(Dataset entries)
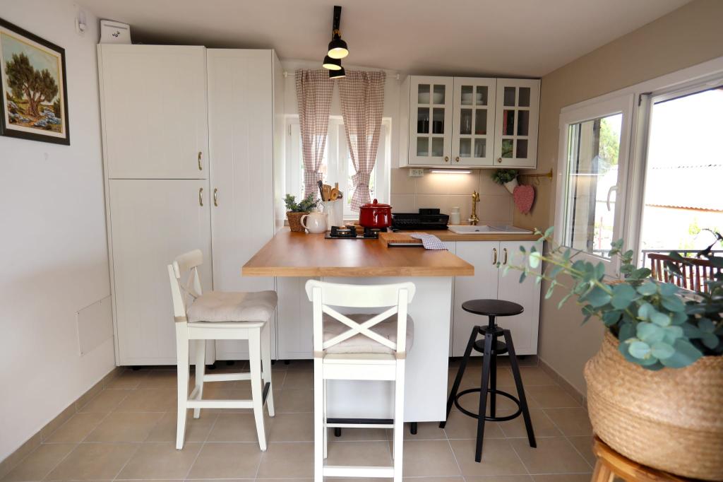 Co tu dużo mówić o takim zakwaterowaniu i tego rodzaju gospodarzach... Dom idealny, idealny dla osób pragnących ciszy i spokoju, bez turystycznego zgiełku i tłumów. Kuchnia wyposażona jest we wszystko, co niezbędne do gotowania, od naczyń po przyprawy. Wszystko jest zadbane i nieskazitelnie czyste. Wody i elektryczności wystarczy, jeśli są racjonalnie wykorzystywane. Morze jest tylko 10 kroków od domu i jest krystalicznie czyste. A taras jest piękny z widokiem, który dosłownie zapiera dech w piersiach. Gospodarze to pogodni, pogodni ludzie, którzy po przyjeździe przygotowali dla nas znakomity obiad. Snjezana i Siniša, dziękuję z całego serca! Na pewno wrócimy. To były nasze najlepsze wakacje do tej pory!
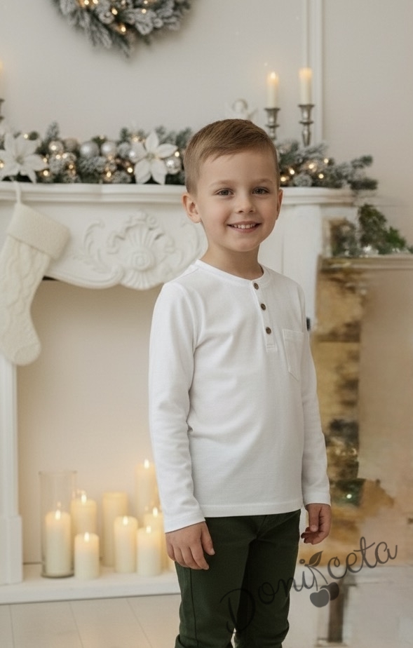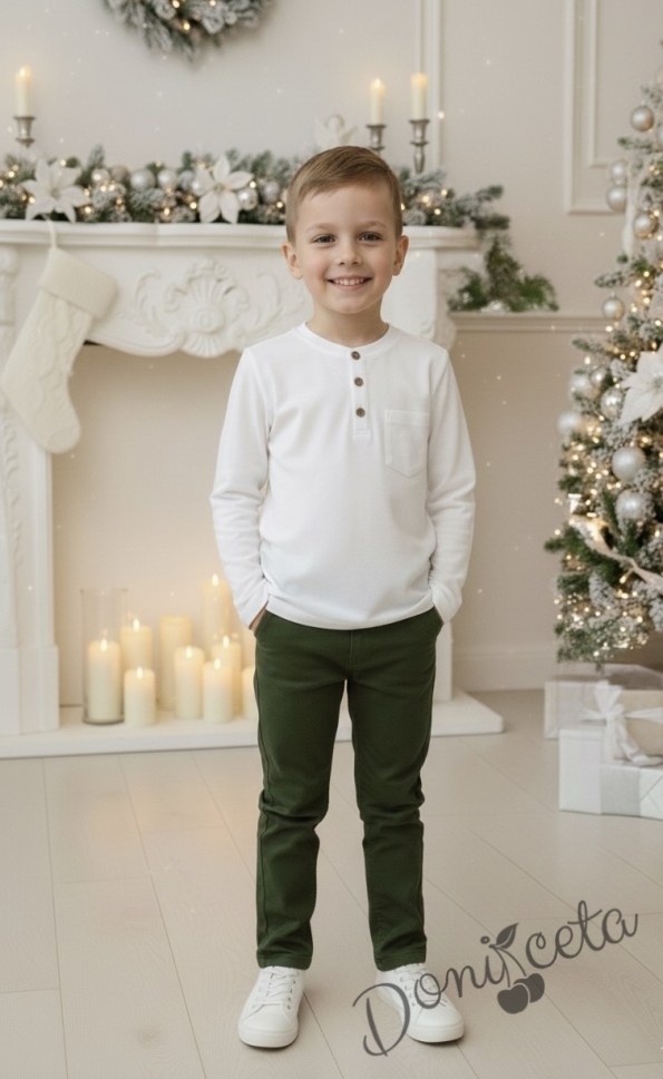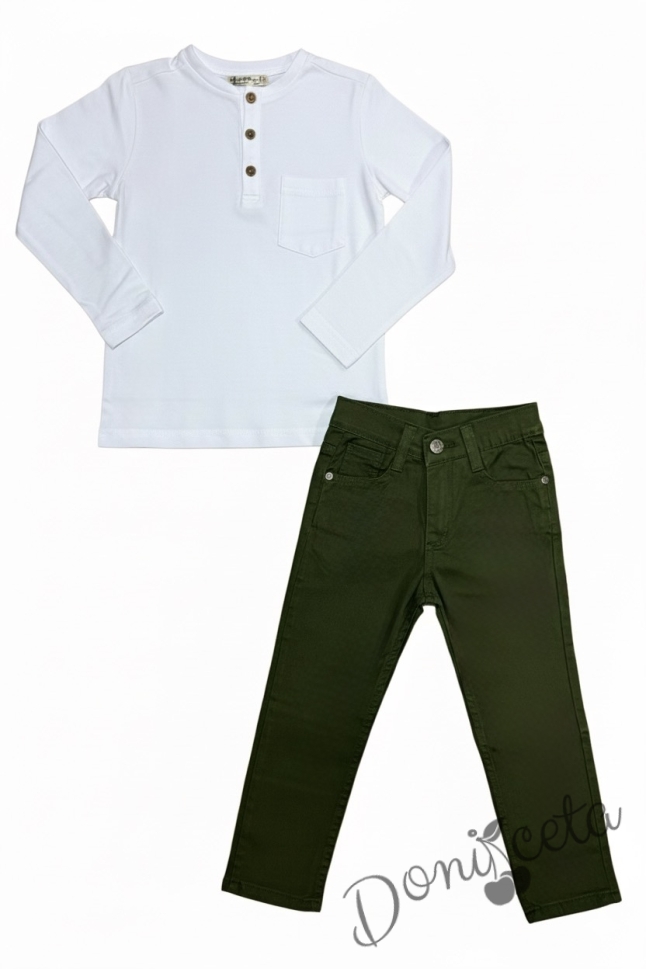 Комплект за момче от 2 части-блуза в бяло с копчета и панталон в зелено
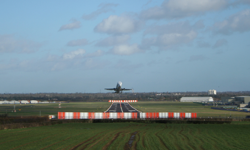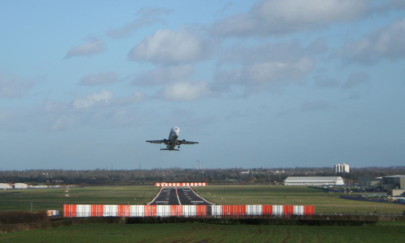 This shot was taken from the plane spotters cafe on the edge of the airfield through a wire mesh security fence, just enough angle to be able to fit the whole wingspan into the frame. The blue sky and airfield buildings in the background add context to this shot for me.
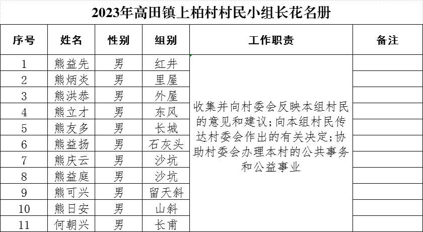 【其他人員信息】2023年高田鎮(zhèn)上柏村村民小組長(zhǎng)花名冊(cè)
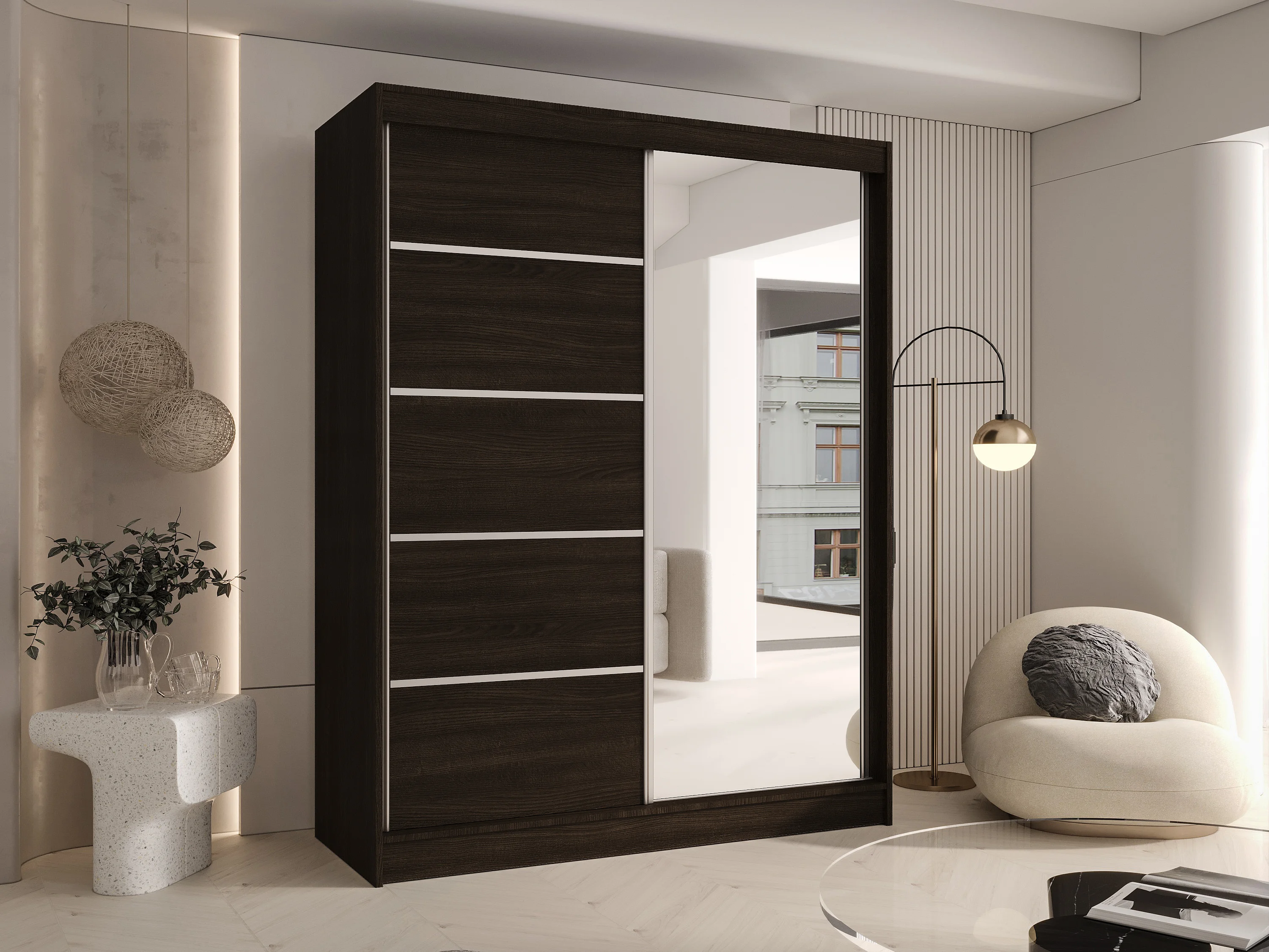 CHARLOTTE C3 Zweitüriger Schiebeschrank mit Spiegel, TOP PRODUKT 150cm Garderobe mit Kleiderstange/Regalböden, Verschieden Farben, Möbel vom Hersteller (Choco)
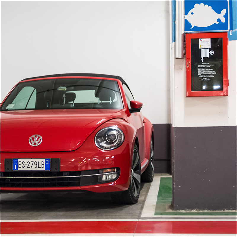 Interessante il gioco di colori e forme all'interno di questa foto. A dire il vero proprio il pesce rosso non rosso ma bianco/blu sembra essere di troppo ma poi trova un corrispettivo nella targa (forse da oscurare per la privacy).
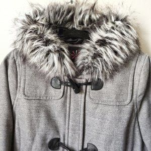 Isaac Mizrahi Toggle Fur Hooded Winter Pea Coat XS

PROBLEM REQUIREMENTS:
Starting at the line that contains "This shot was", write out every line through the final line of the entries, word for word; skip any pictures.

SOLUTION:
 This shot was taken from the plane spotters cafe on the edge of the airfield through a wire mesh security fence, just enough angle to be able to fit the whole wingspan into the frame. The blue sky and airfield buildings in the background add context to this shot for me.
 【其他人員信息】2023年高田鎮(zhèn)上柏村村民小組長(zhǎng)花名冊(cè)
 CHARLOTTE C3 Zweitüriger Schiebeschrank mit Spiegel, TOP PRODUKT 150cm Garderobe mit Kleiderstange/Regalböden, Verschieden Farben, Möbel vom Hersteller (Choco)
 Interessante il gioco di colori e forme all'interno di questa foto. A dire il vero proprio il pesce rosso non rosso ma bianco/blu sembra essere di troppo ma poi trova un corrispettivo nella targa (forse da oscurare per la privacy).
 Isaac Mizrahi Toggle Fur Hooded Winter Pea Coat XS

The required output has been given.